▸ **Exercise brief**
Every line from the one with "Jennifer en Lin" up to and including the one with "PRE-ORDER: SELMA SATIN" is to be output exactly as it appears below; pictures are not.

(Material supplied begins)

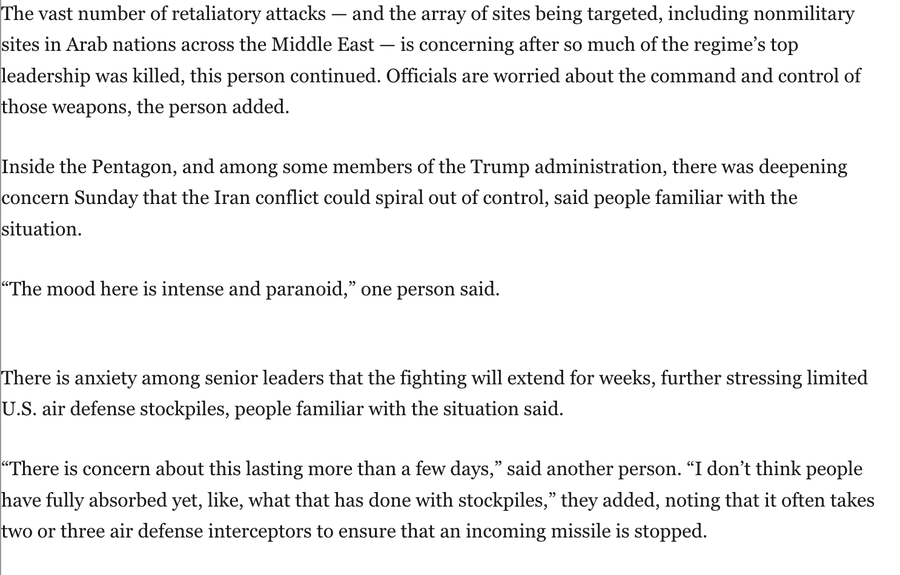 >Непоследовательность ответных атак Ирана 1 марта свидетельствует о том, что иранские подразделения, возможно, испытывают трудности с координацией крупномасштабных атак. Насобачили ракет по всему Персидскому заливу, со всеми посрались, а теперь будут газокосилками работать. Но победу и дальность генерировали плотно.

(Material supplied ends)
(Material supplied begins)

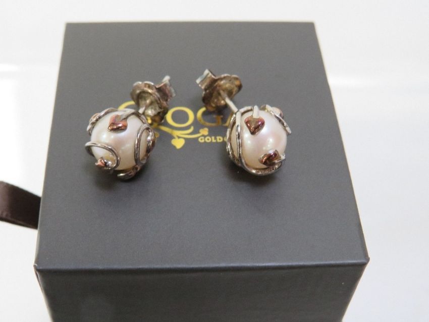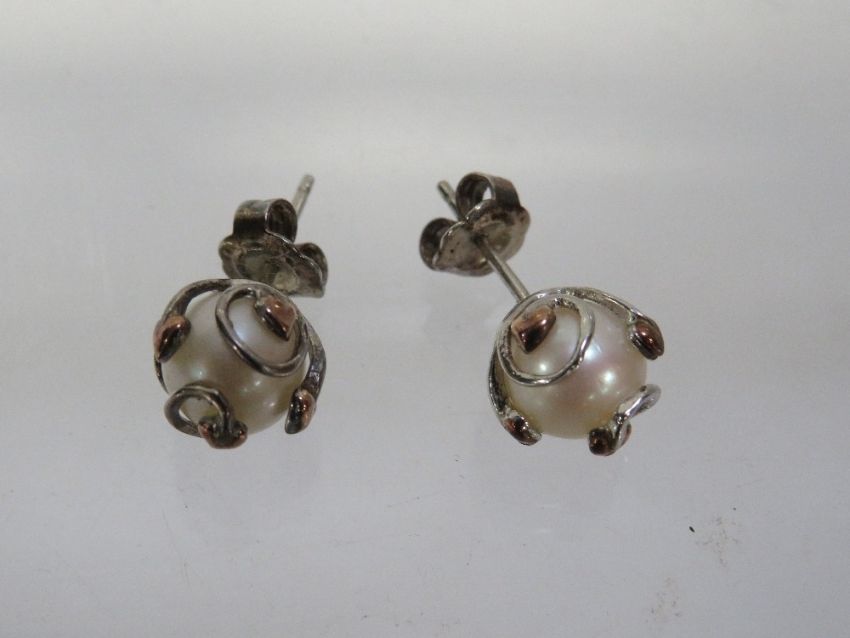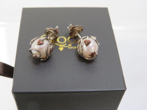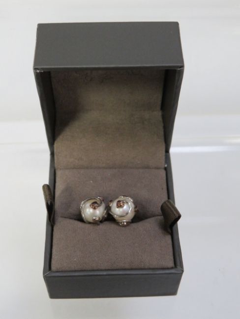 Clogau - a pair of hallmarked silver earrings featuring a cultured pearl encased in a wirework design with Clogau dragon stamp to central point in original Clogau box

(Material supplied ends)
(Material supplied begins)

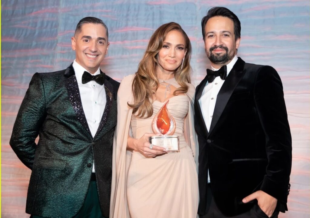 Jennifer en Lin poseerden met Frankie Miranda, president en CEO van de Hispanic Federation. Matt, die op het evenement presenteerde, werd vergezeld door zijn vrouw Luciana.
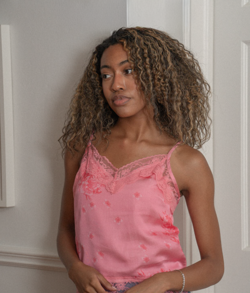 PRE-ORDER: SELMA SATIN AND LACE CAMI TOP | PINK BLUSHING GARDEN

(Material supplied ends)

▸ **Solution to the problem**
 Jennifer en Lin poseerden met Frankie Miranda, president en CEO van de Hispanic Federation. Matt, die op het evenement presenteerde, werd vergezeld door zijn vrouw Luciana.
 PRE-ORDER: SELMA SATIN AND LACE CAMI TOP | PINK BLUSHING GARDEN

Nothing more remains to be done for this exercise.